Entanglement spectra of complex paired superfluids

TL;DR

This paper analyzes the entanglement spectrum of complex paired superfluids in two dimensions, revealing universal edge mode structures and their relation to conformal field theory, with exact solutions for certain pairing functions.

Contribution

It provides explicit solutions for the entanglement spectrum of 2D fermionic superfluids and connects the low-lying spectrum to chiral Majorana modes and conformal field theory.

Findings

Low-lying ES consists of chiral Majorana modes.

Zero-energy modes appear at odd mode numbers.

Entanglement gap diverges near certain pairing functions.

Abstract

We study the entanglement in various fully-gapped complex paired states of fermions in two dimensions, focusing on the entanglement spectrum (ES), and using the BCS form of the ground state wavefunction on a cylinder.
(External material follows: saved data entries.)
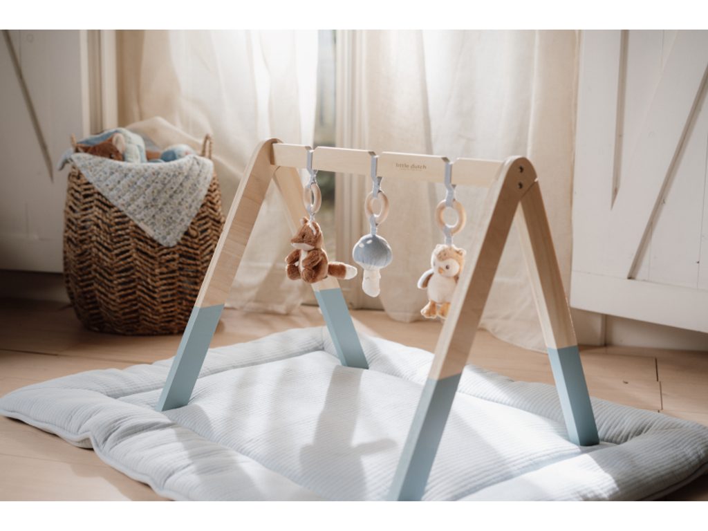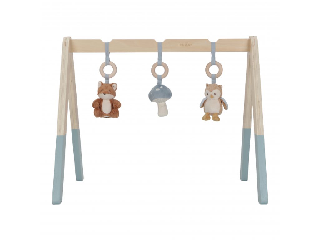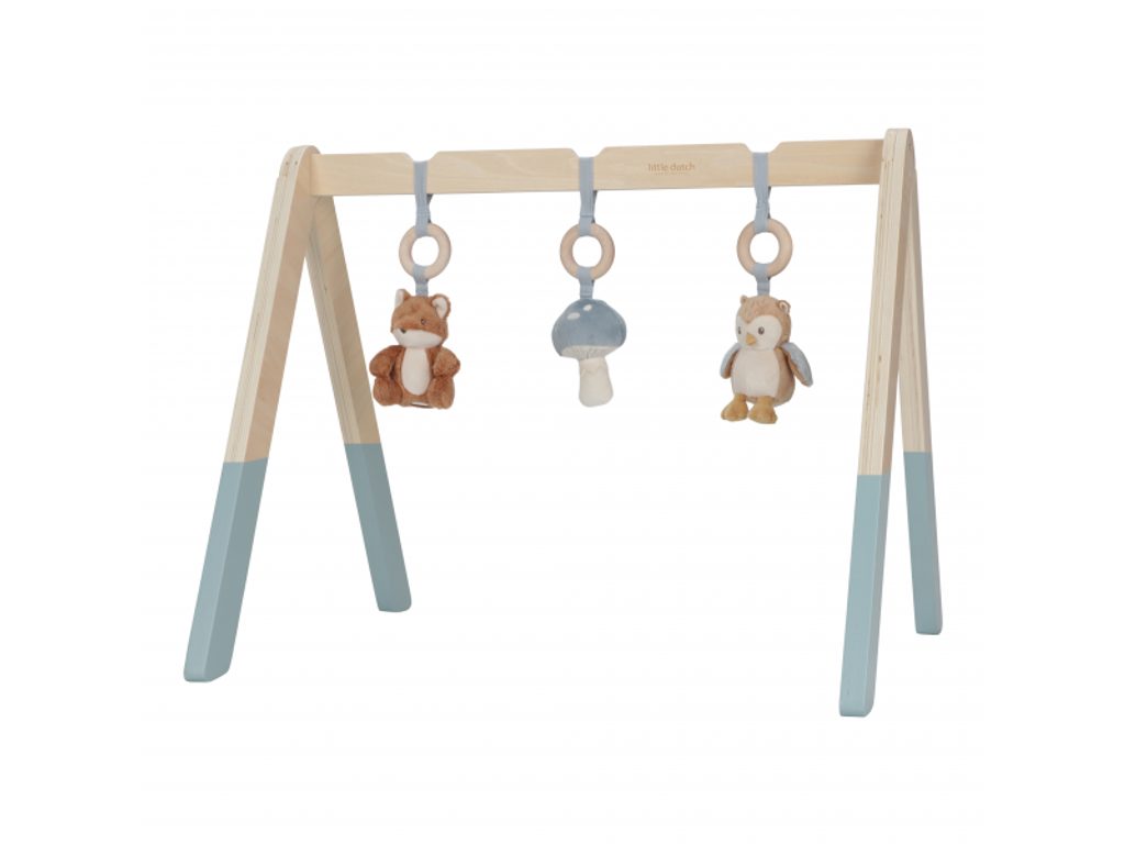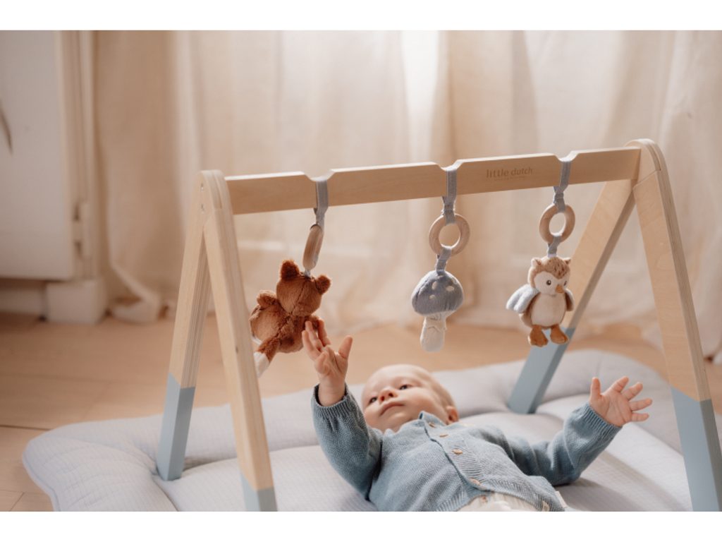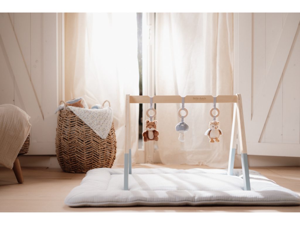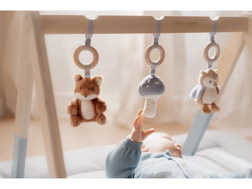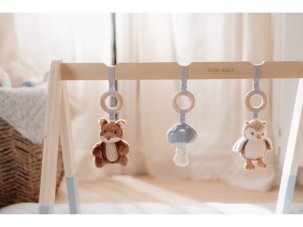 Stylová dřevěná hrazdička s třemi zavěšenými plyšovými hračkami v podobě lišky, sovy a houbičky poskytne vašemu miminku spoustu zábavy při hraní na dece. Každá hračka láká dítě ke zkoumání a dotýkání, při pohybu vydává zvuky chrastění a šustění. Odnímatelné hračky lze použít i samostatně pro další zábavu.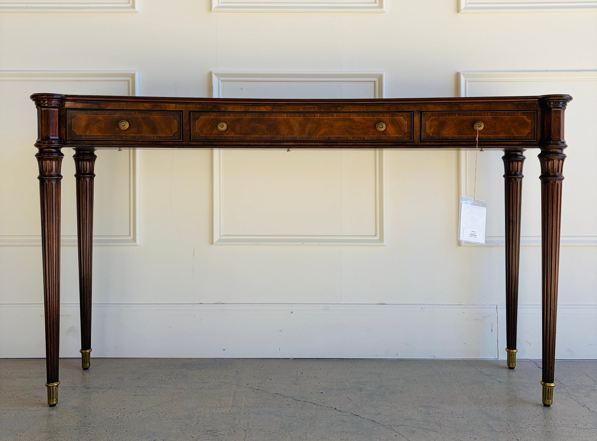 This console is inspired by an original Regency desk and reflects the refined craftsmanship associated with Theodore Alexander’s design legacy. The balance of rich veneers, subtle curvature, and traditional detailing makes it equally suited for formal interiors and more layered, collected spaces.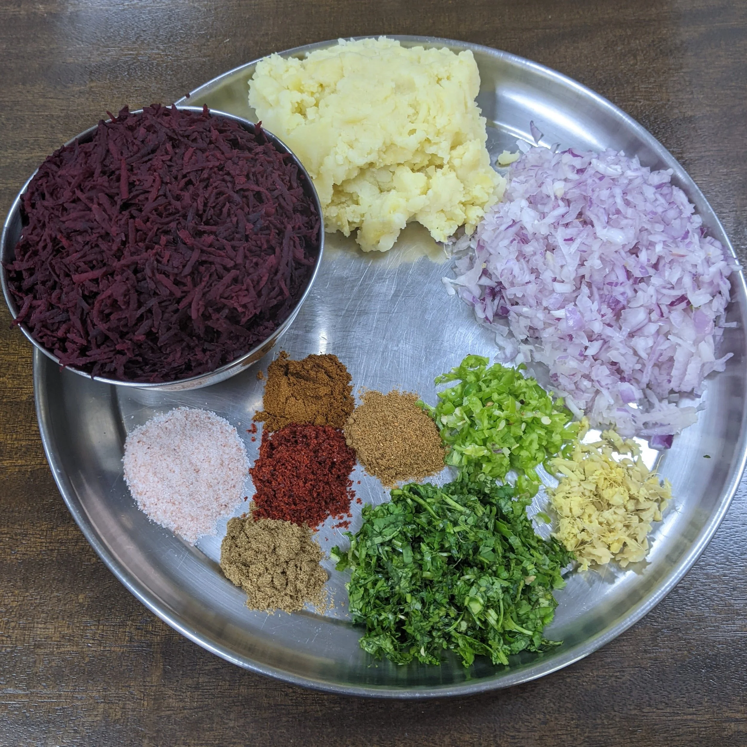 Take a bowl add the beetroot, and all the above ingredients. Give it a good mix.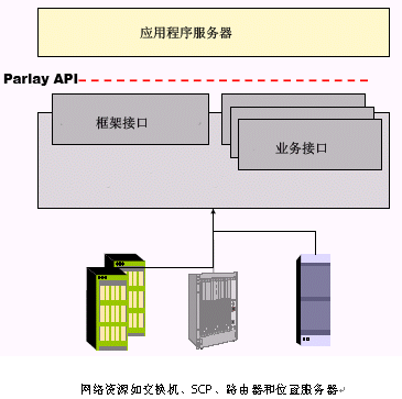 Parlay/OSA設(shè)想應(yīng)用程序運行在應(yīng)用服務(wù)器上,通過TCP/IP連到Parlay/OSA網(wǎng)關(guān)。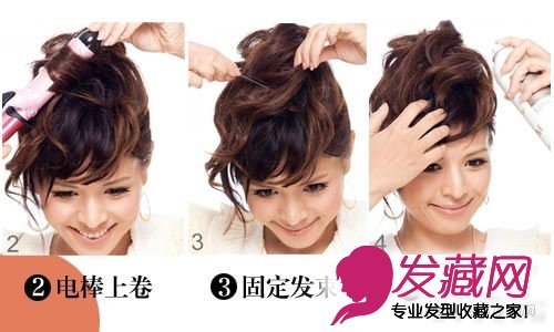 2.把散落在头顶的发束,分成小束以电棒上卷,创造带有卷度的发尾。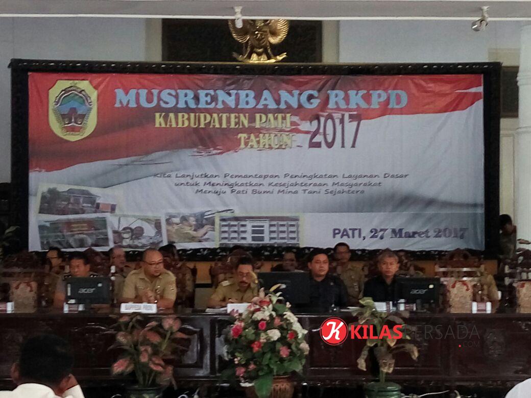 Pati- Kilaspersada.com, Senin (27/3/2017) Bertempat dipendopo kabupaten Pati telah dilaksanakan kegiatan MUSRENBANG RKPD tahun 2017 dengan tema “Kita Lanjutkan Pemantapan Peningkatan Layanan Dasar Untuk Meningkatkan Kesejahteraan Masyarakat Menuju Pati Bumi Mina Tani Sejahtera”. Kegiatan ini dihadiri kurang lebih 200 orang dari masing-masing jawatan pemerintah kabupaten pati.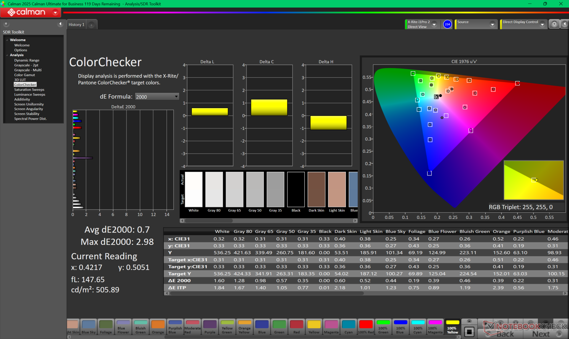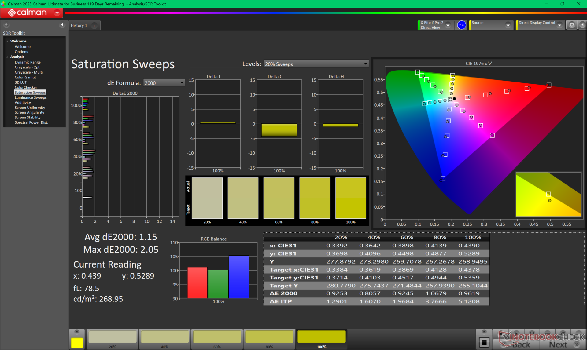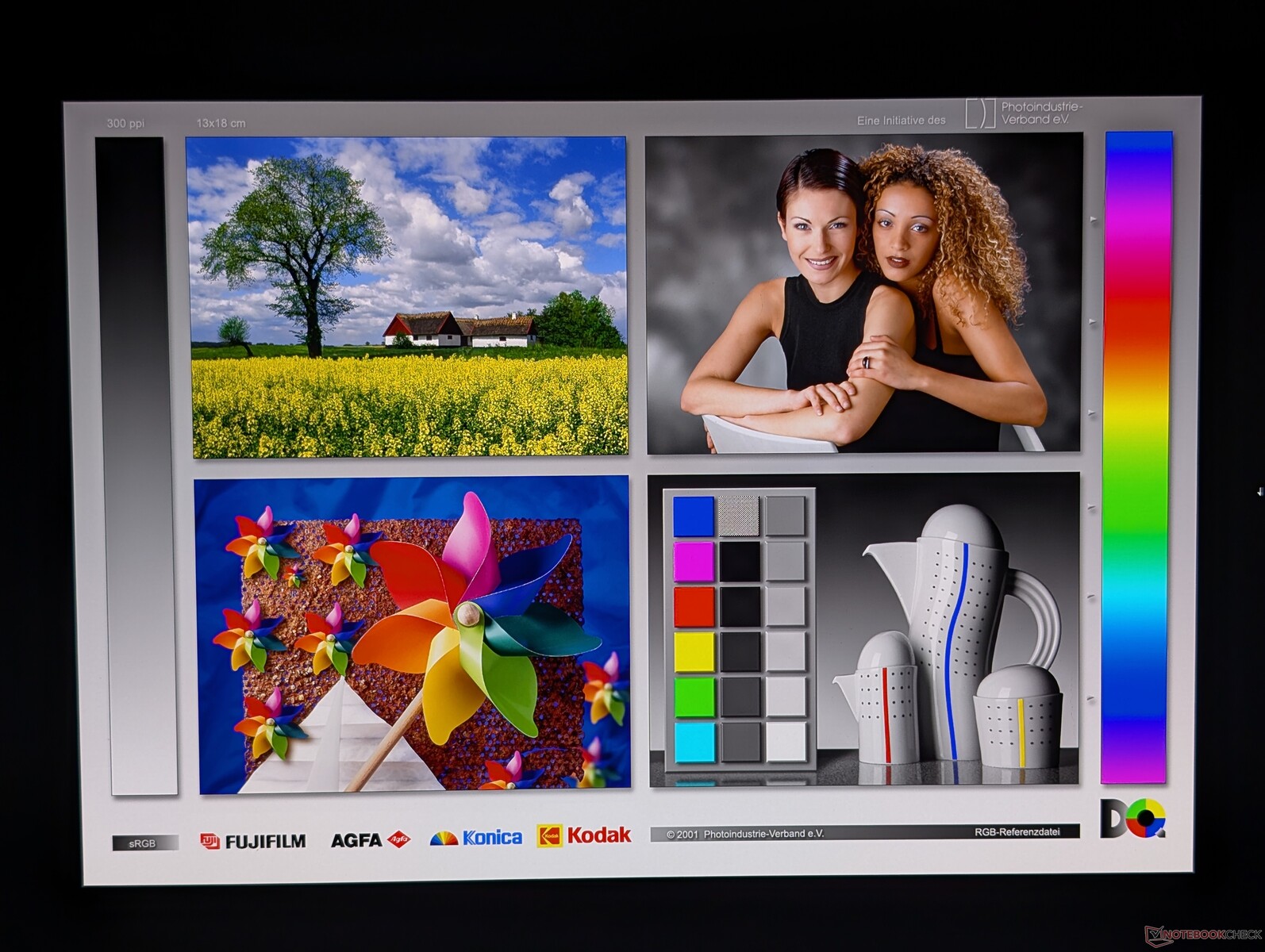 Skärmen är väl kalibrerad mot P3-standarden med genomsnittliga deltaE-värden för gråskala och färg på bara 0,8 respektive 2,42.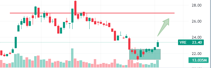 Nhà đầu tư lướt sóng có thể tham gia vào cổ phiếu VRE với kỳ vọng nhịp tăng lần này sẽ đưa cổ phiếu quay trở lại vùng giá 26-27 gần nhất.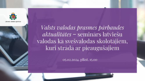 Latviešu valodas kā svešvalodas skolotājus aicina 5.februārī plkst.15.00 piedalīties Latviešu valodas aģentūras seminārā, lai iepazītos ar valsts valodas prasmes pārbaudes aktualitātēm 2024.gadā.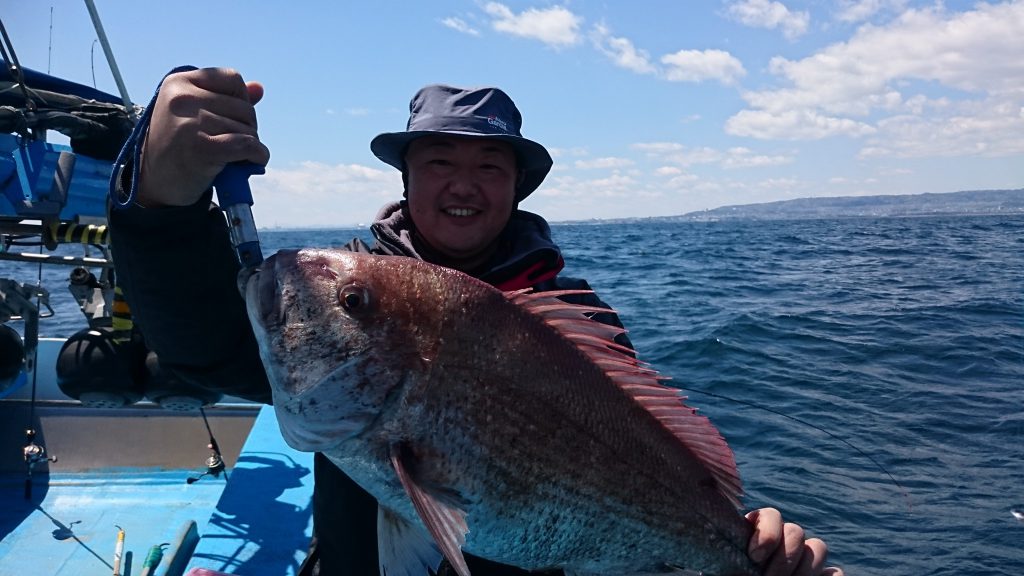 4/23(日)テンヤ真鯛に出船しました🙋 1日を通して、アタリも少なく厳しい1日でした😵 特に朝のうちは、船中フグ2匹のみと、最低の滑り出し😢 その後、一発逆転…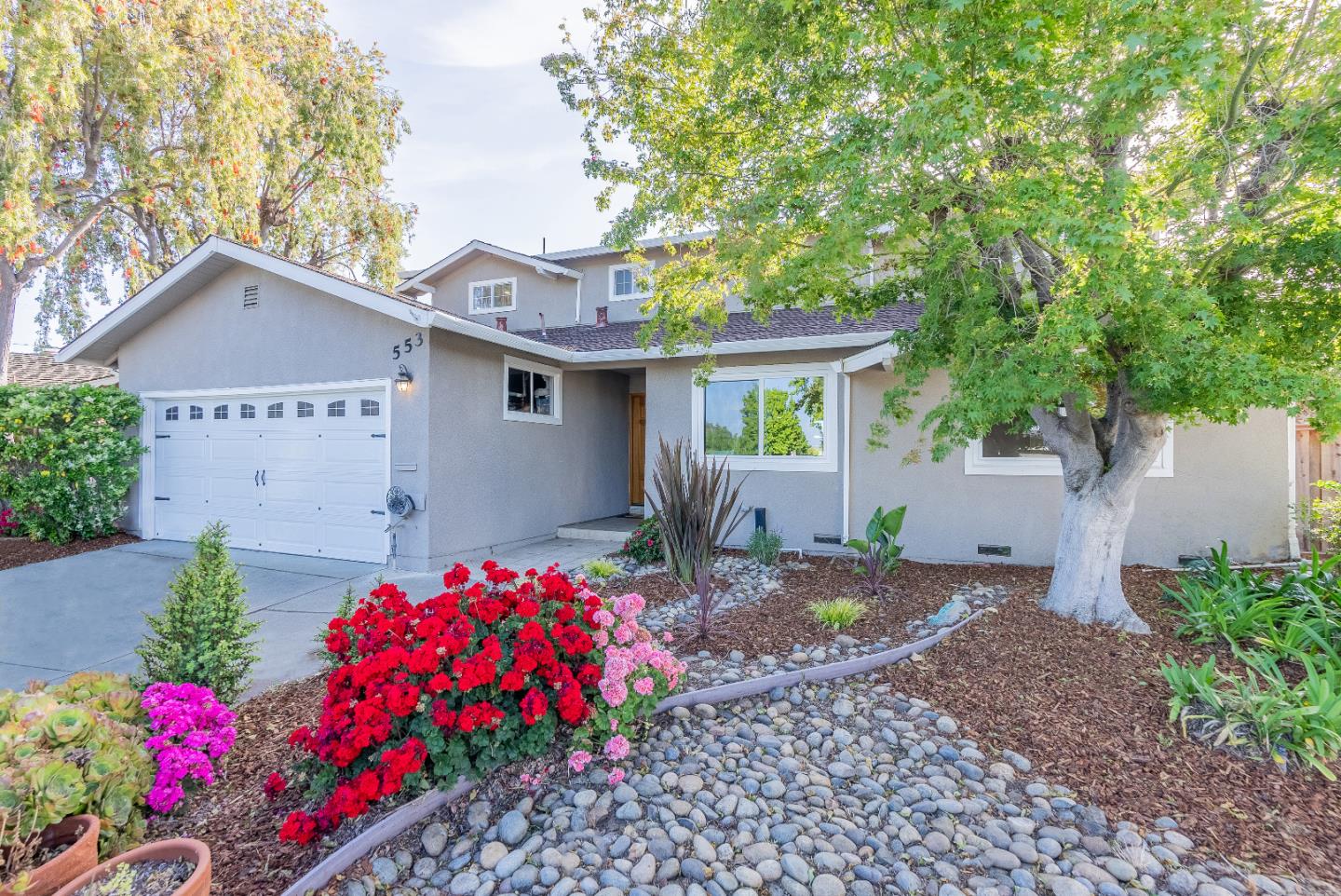 Exquisite 2 story stunner at the end of quiet cul-de-sac, within walking distance of Top Rated schools and 8 mins from the excitement of downtown Sunnyvale. Ft. wood flooring, recessed lighting, dual pane windows, multiple skylights, wood burning fireplace and French doors leading you into a sunny kitchen/family room combo. Gourmet kitchen ft. high-end stainless steel appliances, granite countertops/island, bay window and maple soft close cabinetry w/ under cabinet lighting. All bedrooms are bright and spacious w/ their own closets. Primary bedroom ft. a huge spa-like en-suite bathroom w/ stall shower, oversized tub w/ window above and a massive walk-in closet w/ custom organizer. To top it all off, 2 car garage w/ washer/dryer and enormous plant-filled backyard w/ wood deck and pergola. Near major tech companies such as Apple, shopping centers and the famous Serra Park. Easy Access to highway 85, 280 and Caltrain. Do not miss the chance to own this rare marvel. IT WILL GO FAST!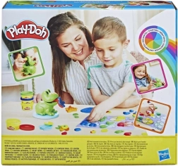 Stap de wereld van creativiteit binnen met de set Play-Doh Starters kikker – kleuren leren. Kinderen drukken een lange, grappige tong uit de kikker, maken vlinders, slakken en vliegjes met de vormpjes en leren op kleur sorteren op de meegeleverde onderlegger. Inclusief 4 potjes Play-Doh klei en veilige tools voor kleine handjes.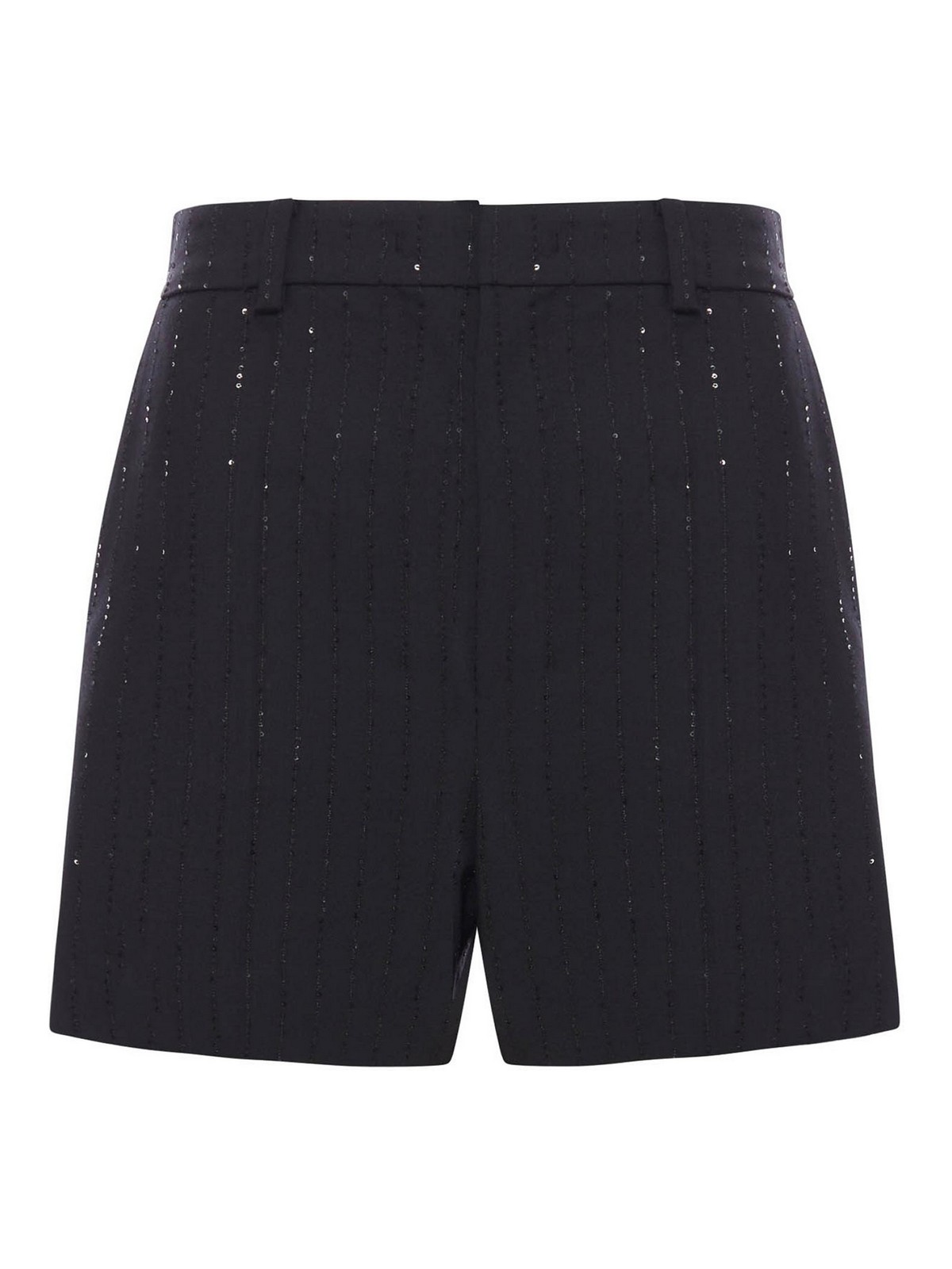 Pantalones cortos inspirados a medida, microlentejuelas bordadas con efecto a rayas, pantalones cortos de sarga pura, corte recto, cintura alta con cremallera y gancho, ojal, bolsillos inclinados en los laterales, bolsillos ribeteados en la parte posterior, trabillas y pliegue prensado, color negro

Certain forms of the pairing functions allow a simple and explicit exact solution for the ES. In the weak-pairing phase of l-wave paired spinless fermions (l odd), the universal low-lying part of the ES consists of |l| chiral Majorana fermion modes [or 2|l| (l even) for spin-singlet states]. For |l|>1, the pseudo-energies of the modes are split in general, but for all l there is a zero--pseudo-energy mode at zero wavevector if the number of modes is odd. This ES agrees with the perturbed conformal field theory of the edge excitations. For more general BCS states, we show how the entanglement gap diverges as a model pairing function is approached.